Assignment — Only these lines, please: the first one of the records through the one containing "Der fruchtig, herbe", retyped exactly, both ends included and pictures omitted.

Data excerpts —
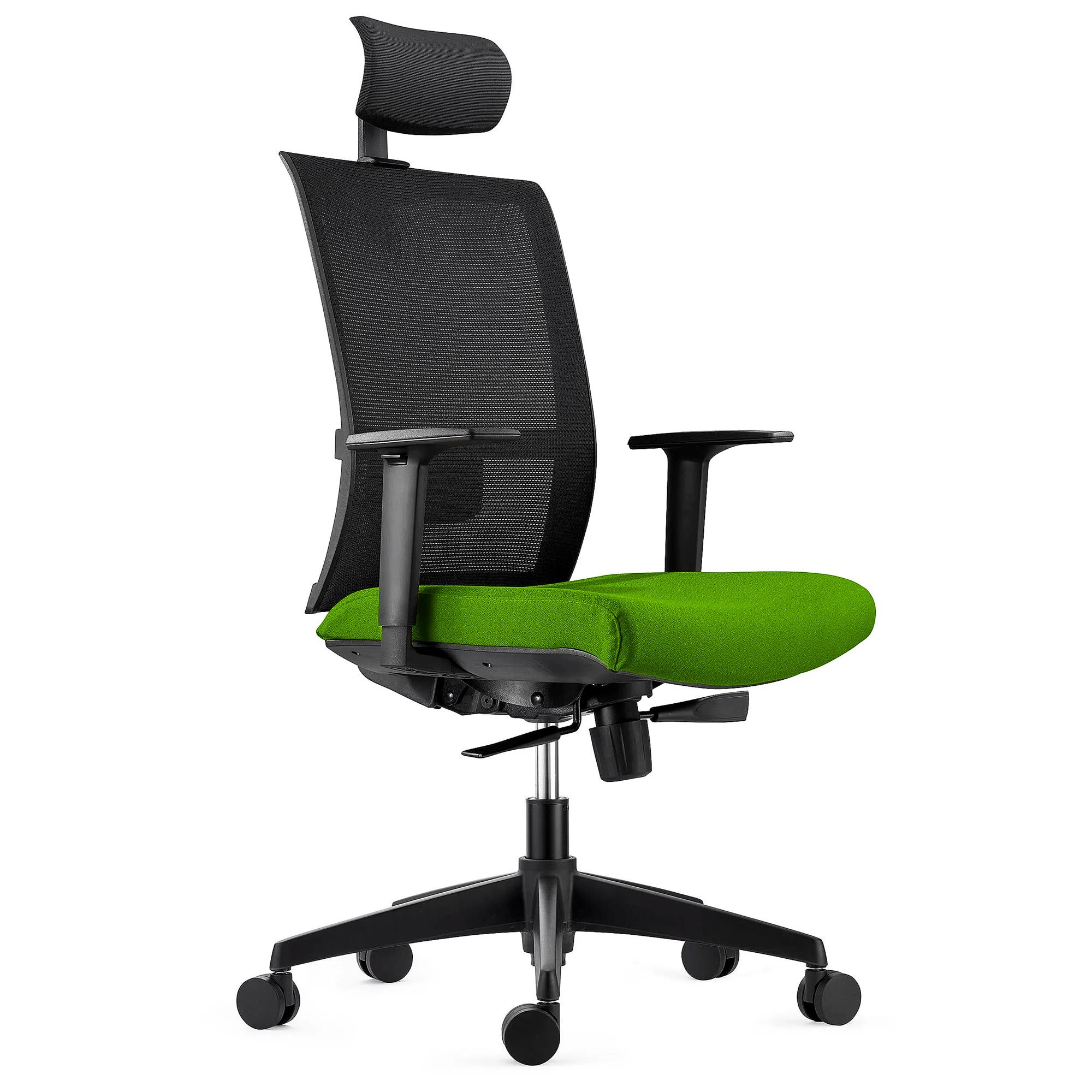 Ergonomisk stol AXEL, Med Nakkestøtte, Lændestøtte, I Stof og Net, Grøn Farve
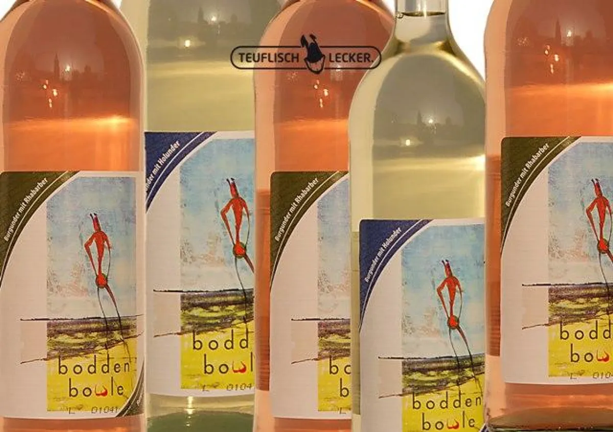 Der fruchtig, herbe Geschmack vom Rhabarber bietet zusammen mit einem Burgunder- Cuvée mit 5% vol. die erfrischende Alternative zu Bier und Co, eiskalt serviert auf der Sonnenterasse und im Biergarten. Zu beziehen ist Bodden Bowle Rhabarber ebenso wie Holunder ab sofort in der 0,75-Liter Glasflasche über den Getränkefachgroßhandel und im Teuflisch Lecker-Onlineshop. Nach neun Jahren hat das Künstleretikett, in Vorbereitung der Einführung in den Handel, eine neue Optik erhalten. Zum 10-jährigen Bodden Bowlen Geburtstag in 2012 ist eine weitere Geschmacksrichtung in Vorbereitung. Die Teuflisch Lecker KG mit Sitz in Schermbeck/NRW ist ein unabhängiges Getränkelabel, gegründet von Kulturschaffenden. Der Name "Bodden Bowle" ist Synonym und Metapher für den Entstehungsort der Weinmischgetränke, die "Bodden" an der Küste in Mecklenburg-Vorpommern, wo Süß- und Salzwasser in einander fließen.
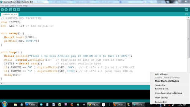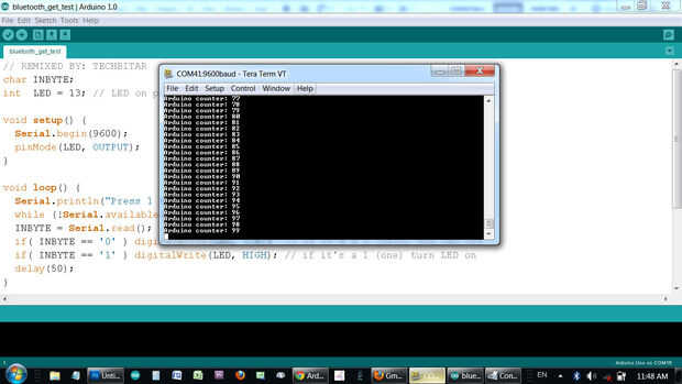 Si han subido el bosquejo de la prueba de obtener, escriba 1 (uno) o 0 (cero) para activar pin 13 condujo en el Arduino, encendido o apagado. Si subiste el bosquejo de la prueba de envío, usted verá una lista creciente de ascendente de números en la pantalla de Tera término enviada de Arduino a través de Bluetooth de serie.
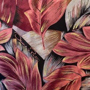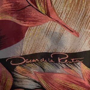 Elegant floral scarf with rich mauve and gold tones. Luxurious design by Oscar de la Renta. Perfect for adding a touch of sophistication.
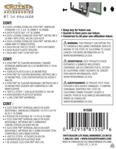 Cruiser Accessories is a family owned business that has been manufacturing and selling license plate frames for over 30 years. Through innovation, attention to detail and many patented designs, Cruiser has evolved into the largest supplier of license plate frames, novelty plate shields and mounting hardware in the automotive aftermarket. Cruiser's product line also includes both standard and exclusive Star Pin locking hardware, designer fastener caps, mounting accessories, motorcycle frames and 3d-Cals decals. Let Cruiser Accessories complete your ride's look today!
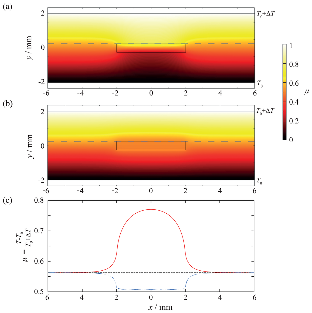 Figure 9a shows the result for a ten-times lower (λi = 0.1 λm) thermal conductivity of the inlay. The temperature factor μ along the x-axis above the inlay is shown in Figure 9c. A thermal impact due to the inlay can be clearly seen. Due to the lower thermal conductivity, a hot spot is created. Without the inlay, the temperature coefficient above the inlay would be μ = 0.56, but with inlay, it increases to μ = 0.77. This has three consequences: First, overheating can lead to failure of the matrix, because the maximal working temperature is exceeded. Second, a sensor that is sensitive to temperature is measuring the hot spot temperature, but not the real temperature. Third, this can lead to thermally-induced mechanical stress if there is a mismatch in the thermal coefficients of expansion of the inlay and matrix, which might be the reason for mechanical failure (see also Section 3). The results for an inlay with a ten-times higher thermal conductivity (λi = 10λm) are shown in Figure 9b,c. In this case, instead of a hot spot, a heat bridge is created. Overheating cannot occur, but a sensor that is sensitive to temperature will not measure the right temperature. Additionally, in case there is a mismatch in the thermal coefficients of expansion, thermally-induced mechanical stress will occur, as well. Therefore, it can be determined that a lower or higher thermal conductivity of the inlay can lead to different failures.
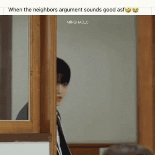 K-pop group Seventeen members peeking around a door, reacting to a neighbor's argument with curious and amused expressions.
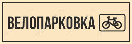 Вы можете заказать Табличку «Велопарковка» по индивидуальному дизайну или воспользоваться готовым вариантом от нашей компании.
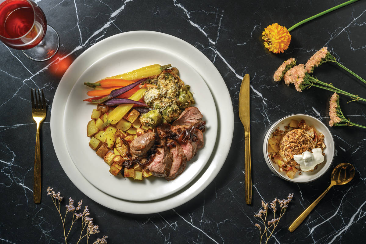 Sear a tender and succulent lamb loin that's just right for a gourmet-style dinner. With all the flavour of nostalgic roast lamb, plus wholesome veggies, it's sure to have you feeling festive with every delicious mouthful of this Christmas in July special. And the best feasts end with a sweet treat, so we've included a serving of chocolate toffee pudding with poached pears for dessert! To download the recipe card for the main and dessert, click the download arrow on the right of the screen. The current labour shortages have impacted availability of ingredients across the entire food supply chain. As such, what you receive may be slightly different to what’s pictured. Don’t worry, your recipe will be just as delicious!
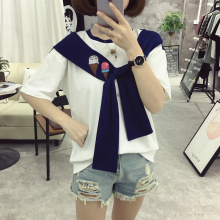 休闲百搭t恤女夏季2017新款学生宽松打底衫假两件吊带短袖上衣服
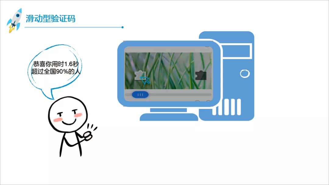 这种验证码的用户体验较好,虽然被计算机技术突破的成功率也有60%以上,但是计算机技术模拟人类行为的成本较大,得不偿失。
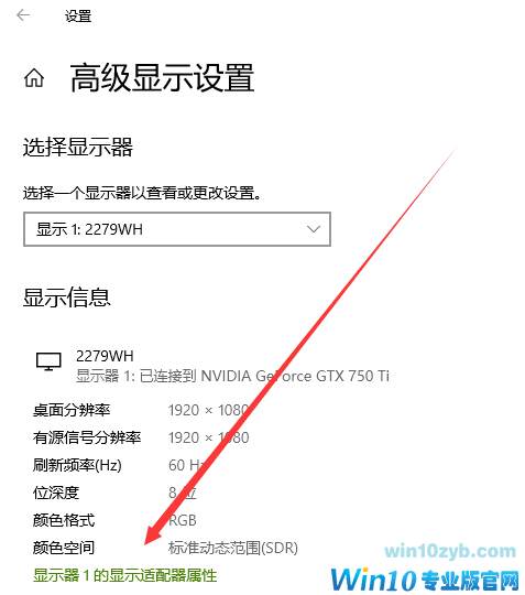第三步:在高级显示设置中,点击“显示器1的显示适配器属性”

Task output —
 Ergonomisk stol AXEL, Med Nakkestøtte, Lændestøtte, I Stof og Net, Grøn Farve
 Der fruchtig, herbe Geschmack vom Rhabarber bietet zusammen mit einem Burgunder- Cuvée mit 5% vol. die erfrischende Alternative zu Bier und Co, eiskalt serviert auf der Sonnenterasse und im Biergarten. Zu beziehen ist Bodden Bowle Rhabarber ebenso wie Holunder ab sofort in der 0,75-Liter Glasflasche über den Getränkefachgroßhandel und im Teuflisch Lecker-Onlineshop. Nach neun Jahren hat das Künstleretikett, in Vorbereitung der Einführung in den Handel, eine neue Optik erhalten. Zum 10-jährigen Bodden Bowlen Geburtstag in 2012 ist eine weitere Geschmacksrichtung in Vorbereitung. Die Teuflisch Lecker KG mit Sitz in Schermbeck/NRW ist ein unabhängiges Getränkelabel, gegründet von Kulturschaffenden. Der Name "Bodden Bowle" ist Synonym und Metapher für den Entstehungsort der Weinmischgetränke, die "Bodden" an der Küste in Mecklenburg-Vorpommern, wo Süß- und Salzwasser in einander fließen.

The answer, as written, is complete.